Synack’s highly selective “Red Team” is made up of over 1500 independent security researchers from over 82 countries worldwide. Only 12% of applicants are accepted to the Synack Red Team after undergoing thorough skills assessments, interviews, and background checks, on par with many Ivy League universities. In addition, Synack offers a secure platform where client assets are tested in tightly controlled environments to ensure complete enterprise-grade security and privacy. This provides peace of mind for clients concerned about exposing vulnerabilities or sensitive data, and it means that being a Synack Red Team membership has become an elite badge of quality and source of pride for the researcher community
In addition, we observed Synack’s approach to pen testing uses software-driven, fully remote tools. While we were already impressed with the benefits a flexible, adaptive testing system, this approach has become even more significant in the COVID-19 world, as many traditional penetration testing services rely on having a physical presence at the client site to ensure security.

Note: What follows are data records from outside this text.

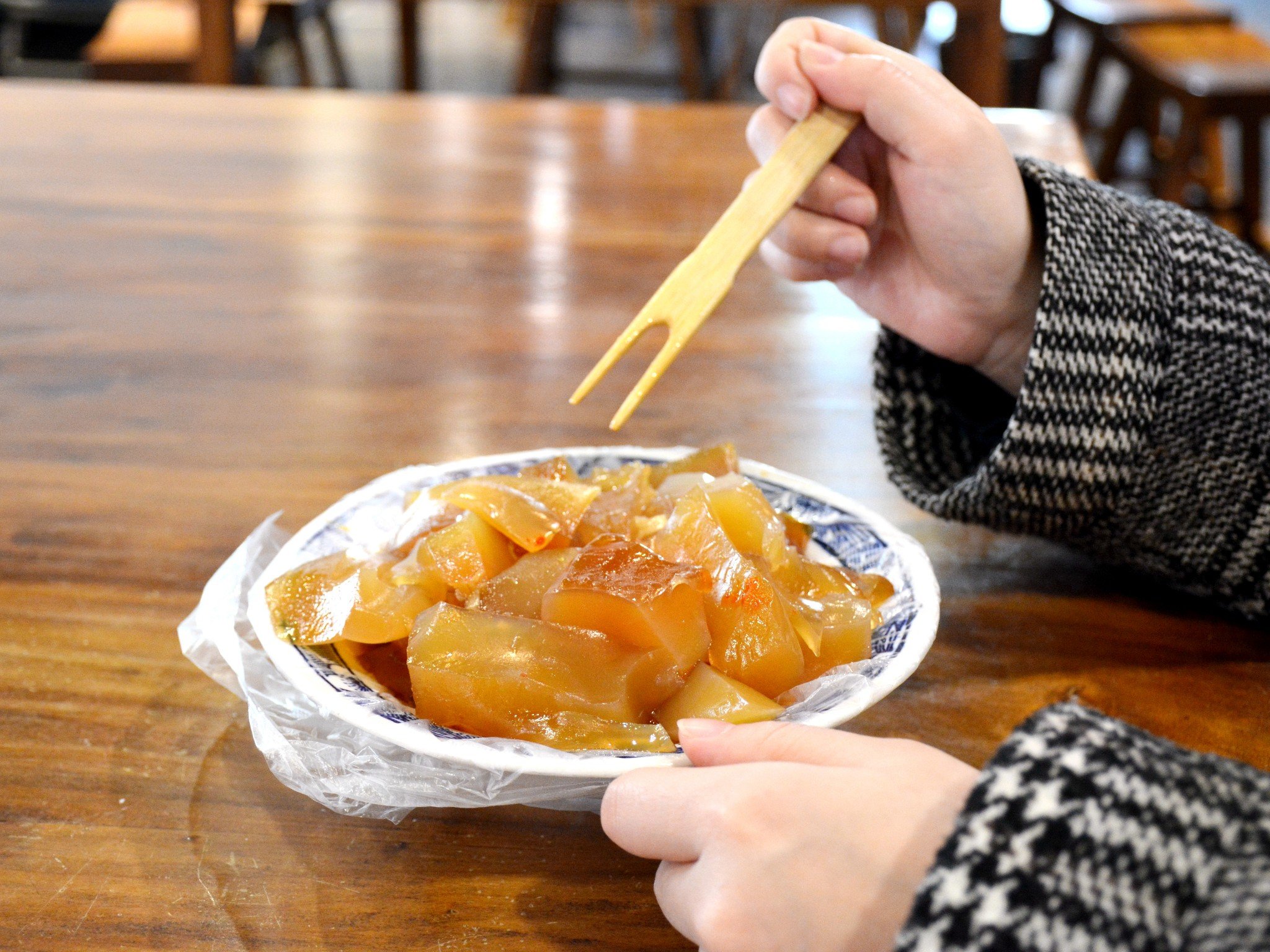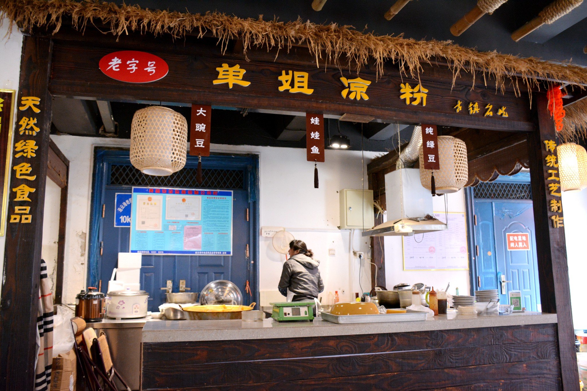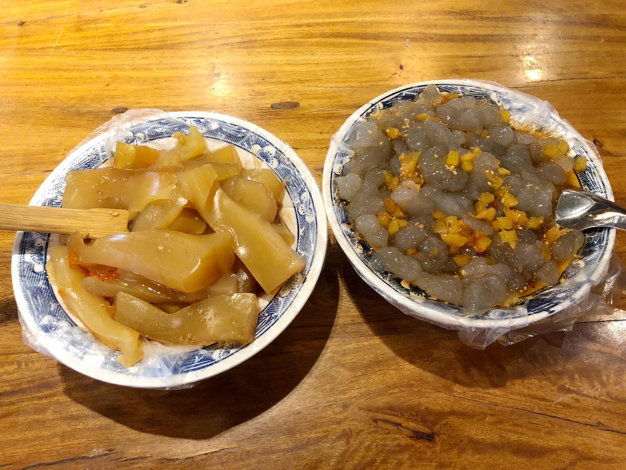 店里的灯笼、方桌长板凳颇有年代感。 当地人吃凉粉(豆类或山芋的淀粉,煮熟后冷凝成块,俗称“凉粉”),习惯在凉粉中加入板浦镇出名的汪恕有滴醋,搭配上蒜泥和辣椒,味道不言而喻。 【划重点】连云老街的“单姐凉粉“必点。 想让闺女配合照个相,但是凉粉上来后宝宝有点“控记不句她记几”一直问妈妈,“可以吃了么,可以吃了么。” 提起“娃娃鱼”和大家分享一下,位于墟沟街中韩商品城旁边的老字号“大松树娃娃鱼”,味道一级棒。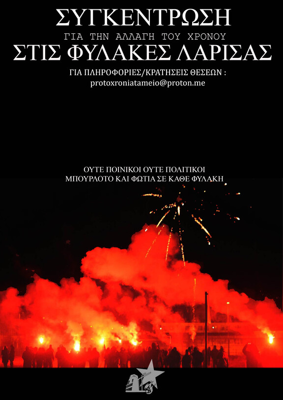 Kαι φέτος, παραμονή πρωτοχρονιάς, θα βρεθούμε δίπλα στους κοινωνικούς και πολιτικούς κρατούμενους στις φυλακές Λάρισας.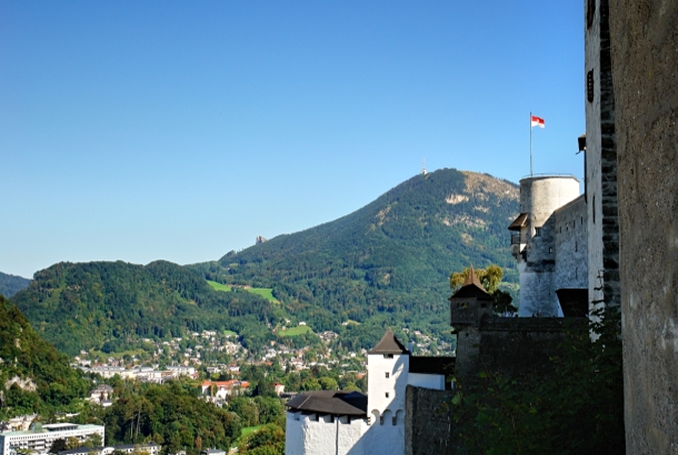 Schöne Aussichten! Oben links: Blick in nördlicher Richtung über die Nonnbergbastei hinweg zum 1.278 Meter hohen Gaisberg des Salzburger Voralpenlandes. Oben rechts: Von der Hasengrabenbastei schweift der Blick in Richtung Süden. Im Mittagsdunst des Tages erscheint der Untersberg mit seinen fast 2.000 Metern Höhe, ein Teil der Berchtesgadener Alpen. Unten: Die Salzburger Altstadt, von der Kuenburgbastei aus gesehen. Links unten im Bild die Stiftskirche St. Peter; darüber mit bräunlichem Dach die Franziskanerkirche und wiederum dahinter die Kollegienkirche. Rechts der romanische Dom mit Domplatz. |

Despite the tremendous success that Synack has had in changing the standard for penetration testing frequency and applicable targets, B Capital is confident that the company is at the cusp of achieving even greater expansion and impact of its platform. We are excited to partner with the team on global expansion and the evolution of Synack’s AI-driven automated testing platform, which leverages existing Red Team results to provide continuous vulnerability scanning. And Synack’s growing set of APIs create interesting opportunities to seamlessly integrate penetration testing into the DevSecOps process. Jay (CEO), Mark (CTO), Jim (COO), Aisling (CBO), and the rest of the Synack team have built an exceptional business changing the definition of what is possible with human-augmented intelligence in cybersecurity, and we look forward to this journey together.